We are going to use Code::Blocks. The IDE can handle multi-file projects and has excellent debug functions such as variable, thread or CPU registry inspection. The IDE is relatively easy and intuitive to understand. With the following command in your terminal, you can install Code::Blocks.
$ sudo apt-get install codeblocks
Working with Code::Blocks involves the same steps. All our GitHub projects have project files (* .cbp). Once loaded in Code::Blocks, all environment options are automatically set correctly.

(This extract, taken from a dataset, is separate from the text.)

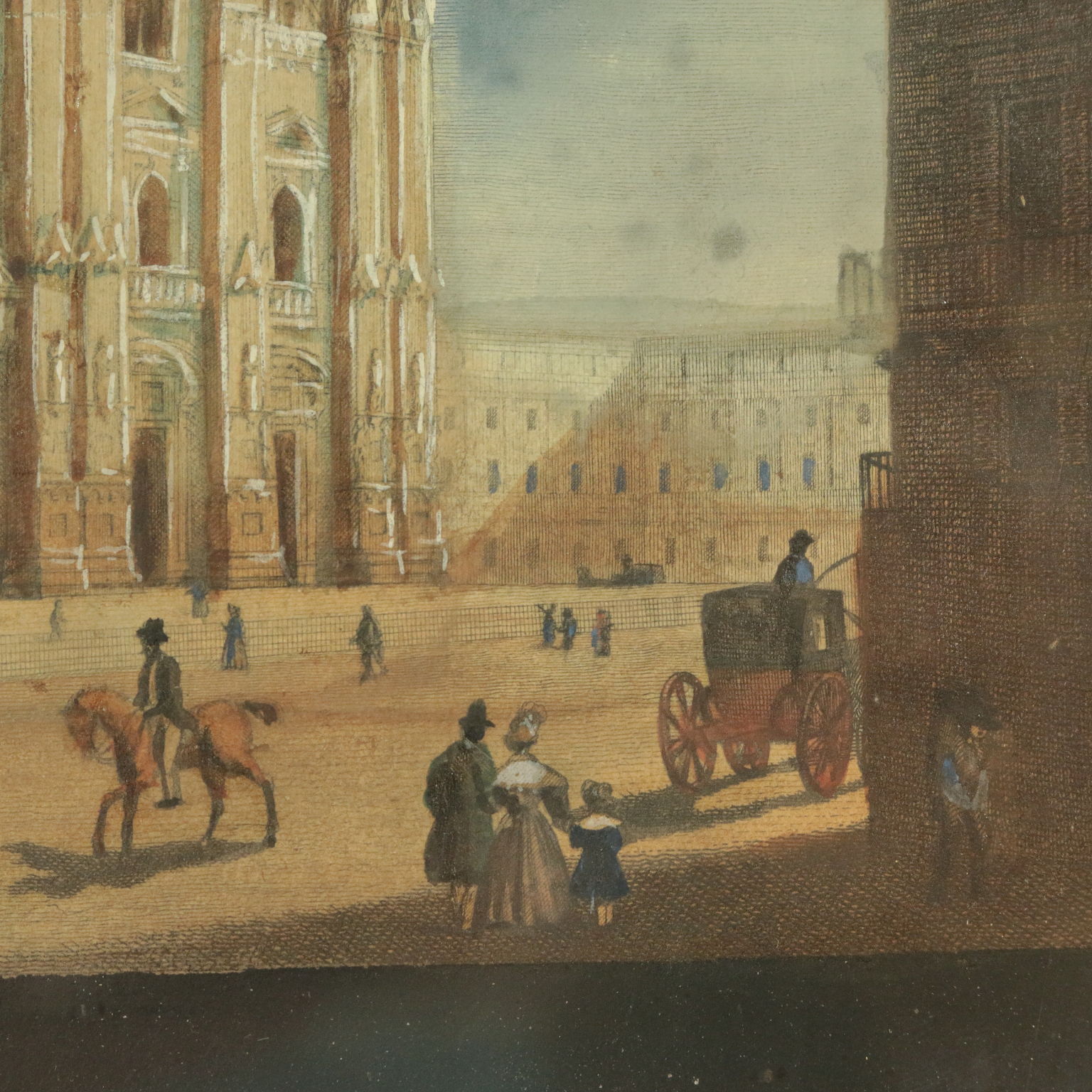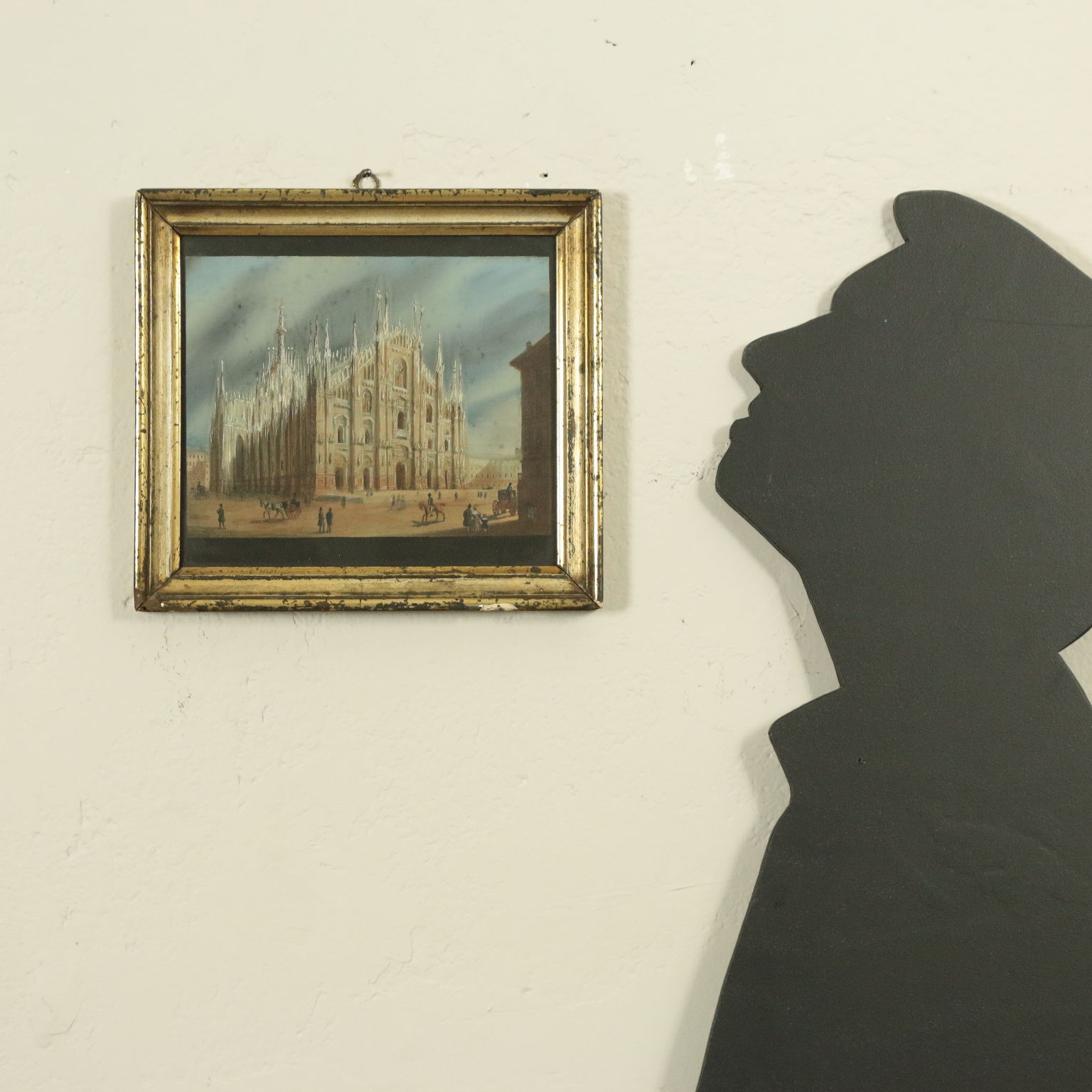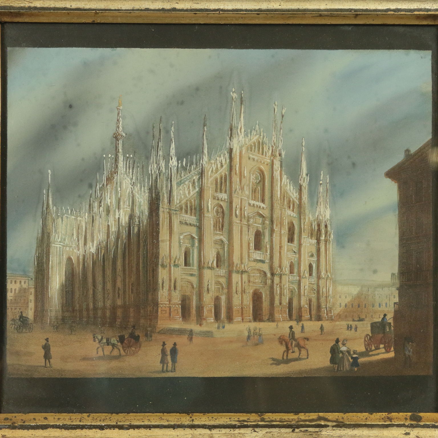 Gouache su carta. Suggestiva raffigurazione del Duomo di Milano, con la piazza del XIX secolo animata da molte figurine, da calessi e carrozze. In cornicetta di fine '800, con mancanze.

If you want to start with an empty project, please follow this procedure. First, you load your source code into the IDE. Second, you have to give the folder where the necessary headers are. Do this with the menu option Project → Build options.
Select tab sheet Seach directories and under Compiler give the locations where the used headers are. Please note, do not select the Debug or Release option, but use instead of the project name as can be seen below.
The next step is to specify the libraries used and the linker flags. Again, use menu option Project → Build options, but now select tab sheet Linker settings. Here the linker settings are shown as used in the Face detection app.
Just like the headers, you must give the location of the used libraries now. Do this in tab sheet Search directories, tab Linker.
You are ready with most settings. However, some applications may require some additional command line parameters during startup. Give these in menu option Project → Set programs' arguments. Select your target (Debug or Release) and given the arguments just like you would on the command line. Below some example.
Instead of using the GUI, you can modify all settings in the Code::Blocks project file (*.cbp). The file is in XML format and is very readable. Before you make any modification, close the project in Code::Blocks first. This way any change you made will be loaded in Code::Blocks when you reopen your project.
Most deep learning C++ examples work with a video stream. We often provide an mp4 movie how illustrates the functionality of the app. However, if you want to use a camera in your application, it can be done by just altering one line of code. Look for the line where the VideoCapture is declared. Here, modify the input by replacing the name of the movie by a number. Below you see a code snippet.